Calgary: A market action against clear-cut logging in the southern headwaters of the Prairie Provinces has been launched by local and national conservation groups, with international ones adding their names to the grassroots action. It focuses on the Crowsnest Forest, which is located at the head of the water-stressed South Saskatchewan River system, between Kananaskis Country west of Calgary and the Waterton-Glacier International Peace Park. The Crowsnest falls within the international Crown of the Continent geotourism area. It is the southern part of the public Rocky Mountains Forest Reserve, which the governments of Canada and Alberta historically described as important to the nation as a “conservation area dedicated to watershed management.”

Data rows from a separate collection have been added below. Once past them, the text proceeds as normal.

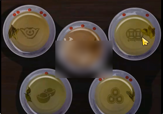 12、将茶叶撒在五个碗上,然后点击茶壶进行倒水。
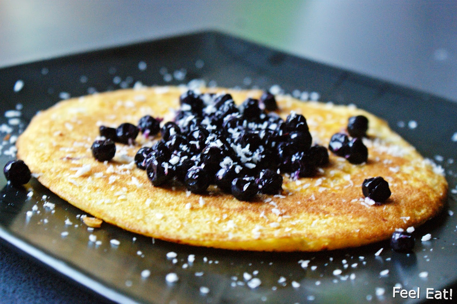 Kolejna propozycja omletu, szybkiego w przygotowaniu i bogatego w białko. Mógłby być słodszy, ale to trochę wina moich kwaskowatych (zamrożonych w lecie) owoców. Podaję składniki na jedną porcję, czyli jeden omlet.
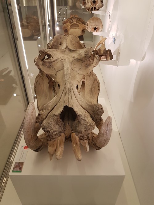 But I don’t want this post to grumble too much; wrong message. There was so much to celebrate in this exhibit, which was felt impressively spacious and full of cool specimens! Visitors pass some plastinated whole sheep and goats, with panels nicely explaining that goats and sheep look quite similar on the inside and are evolutionary relatives. Having “four stomachs” (technically, a four-chambered stomach; not four distinct organs that were duplicated) is attributed as a sheep trait, then being a ruminant is said to be a goat trait; this might get a little confusing for non—anatomists (both are ruminants and have similar stomachs).
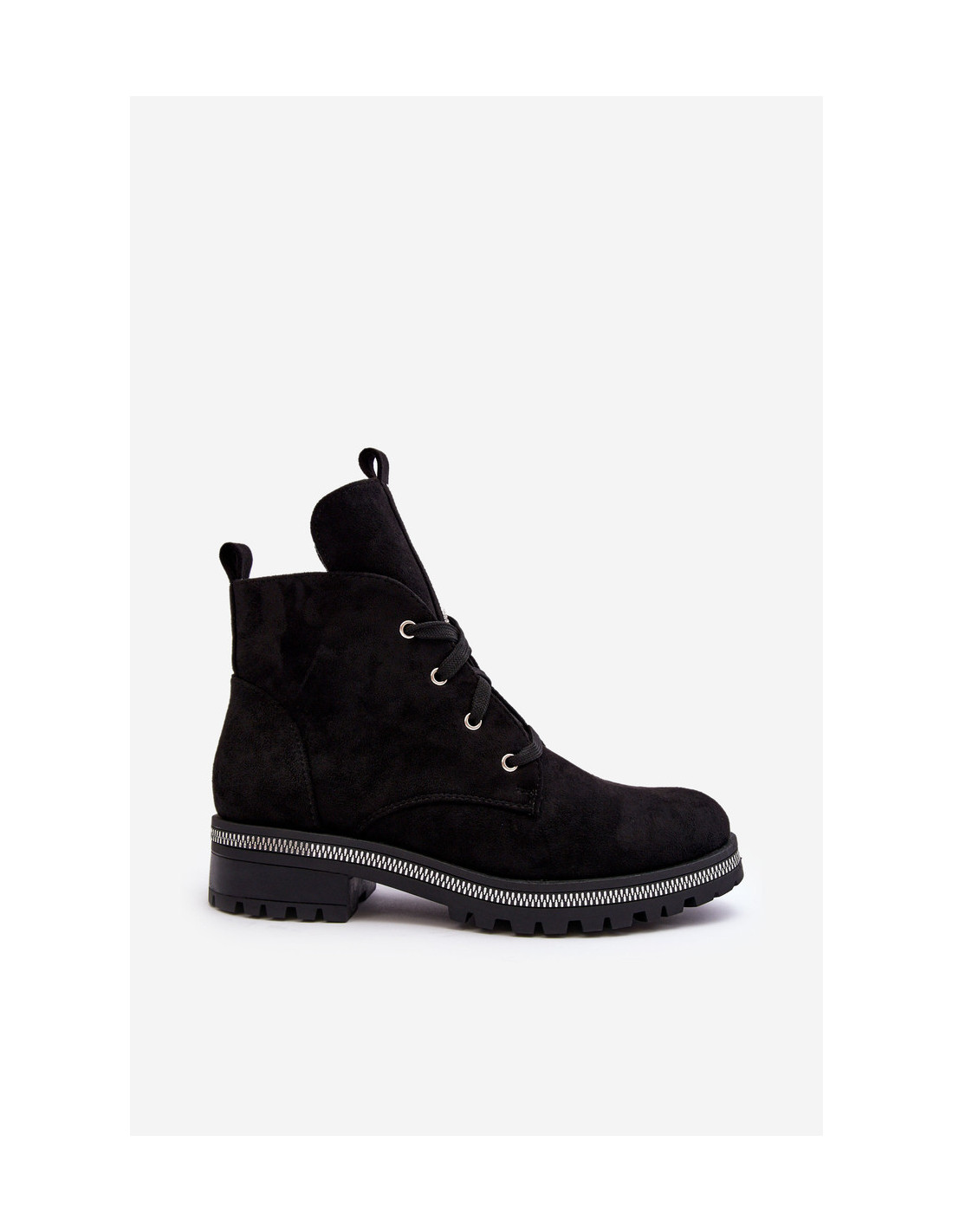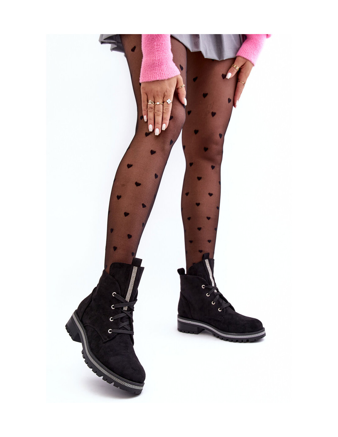 Moteriški batai iš ekologiškos zomšos. Slip-on stiliaus su raišteliu. Apvalūs kojų pirštai. Vidus apšiltintas batų pamušalu. Sutvirtintas kulno skaitiklis. Plokščias kulnas užtikrina stabilumą kiekviename žingsnyje. Maži, blizgūs smeigtukai ant liežuvio. Šį modelį privalote turėti savo drabužių spintoje! Rinkdamiesi dydį, vadovaukitės dydžių lentele.

Eighty-seven lumber retailers in southwest Alberta received letters asking them to decline selling Spray Lake Sawmills (SLS) wood from the Crowsnest Forest and instead sell Forest Stewardship Council (FSC) certified wood, until the Castle Special Place is off the chopping block and SLS along with Alberta Sustainable Resource Development have reformed forest management in the Crowsnest Forest through an FSC certification process. The Alberta Foothills Network and volunteers are currently following up in-person with the retailers. Representatives met with the company again last week.

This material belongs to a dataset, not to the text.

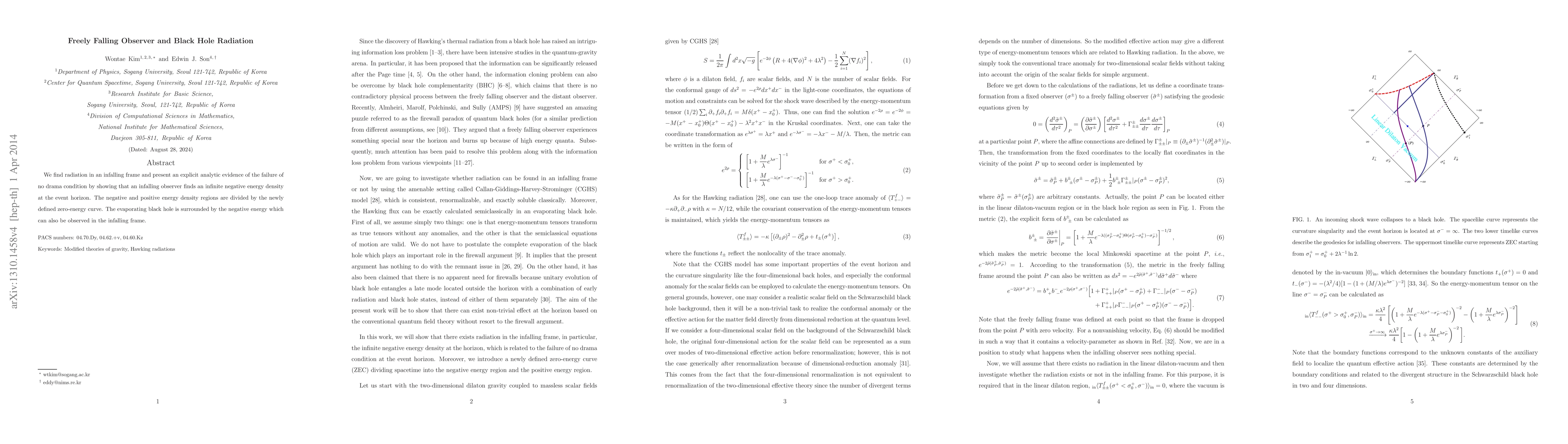 We find radiation in an infalling frame and present an explicit analytic evidence of the failure of no drama condition by showing that an infalling observer finds an infinite negative energy density at the event horizon. The negative and positive energy density regions are divided by the newly defined zero-energy curve. The evaporating black hole is surrounded by the negative energy which can also be observed in the infalling frame.

Citizens are also asked to check their local retailer and if selling SLS wood from the Crowsnest Forest, to email the Alberta Foothills Network and while at the retailer, to ask them to sell FSC certified wood instead. SLS is the only sawmill logging in the Crowsnest Forest. Its mill is located in Cochrane, west of Calgary. It predominantly uses contractors for road building and logging.

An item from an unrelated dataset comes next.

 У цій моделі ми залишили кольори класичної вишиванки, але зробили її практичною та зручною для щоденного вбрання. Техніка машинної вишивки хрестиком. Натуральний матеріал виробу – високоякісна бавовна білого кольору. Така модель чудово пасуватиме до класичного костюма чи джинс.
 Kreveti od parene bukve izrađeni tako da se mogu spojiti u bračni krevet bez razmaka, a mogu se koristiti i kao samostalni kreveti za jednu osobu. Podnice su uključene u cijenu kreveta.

“Southern Alberta isn’t short of fence posts or lumber. It’s short of the three big Ws: water, wildlife habitat and wildlands, including for outdoor recreation and tourism,” observes Dianne Pachal of Sierra Club Canada.

Water’s equivalent of the Intergovernmental Panel on Climate Change, the Rosenberg International Forum on Water Policy in its 2007 Lessons for Canada and Alberta points to the importance of undertaking headwater (upland watershed) protection in the face of significantly reduced water flows in the Saskatchewan River system of Canada’s Prairie Provinces. It reports that the Crowsnest Forest “may be a good candidate for special watershed protection.” It goes on to state that the proposed park for the Castle Special Place “will pay for itself over and over again in the value of the ecological services it provides alone.”

“Engaging the power of consumers, small and big, through a market action to reform forest management and keep the Castle as a protected area is the best way we figured we could help the two-dozen local business who earlier issued a Tourism and Recreation Industry Advisory about Alberta,” explains Sarah Elmeligi of the Canadian Parks and Wilderness Society.

The initial round of public input on a plan for the South Saskatchewan region found the majority of respondents want an end to clear-cut logging throughout the region. They placed tourism and recreation as second only to agriculture for future economic growth in the region and logging last. Surveys revealed that three-quarters of residents local to the Castle Special Place, located at the south end of the Crowsnest Forest, are opposed to clearcut logging in it and support making it a Wildland Park.

The Castle has the province’s largest diversity of native plants and animals. It has 223 species listed as rare or as Species-At-Risk of extinction within Alberta (called extirpation). That includes grizzly bears, which are trans-boundary.  They are listed as threatened in Alberta and endangered in the U.S.A.

“Alberta’s own grizzly bear status report concludes the net effect of clear-cut logging is bad for bears,” says Louisa Wilcox of the Natural Resources Defense Council. “Alberta can and must make a positive contribution to a shared goal of protecting the Crown of the Continent by reversing the logging decision in the Castle. While it is currently a mortality sink for endangered US bears, it could be the opposite; aiding in recovery.”
SLS also logs in the Bow Forest, which is located in the South Saskatchewan region, upstream of Calgary. The current market action is not against the sale of wood from the Bow Forest.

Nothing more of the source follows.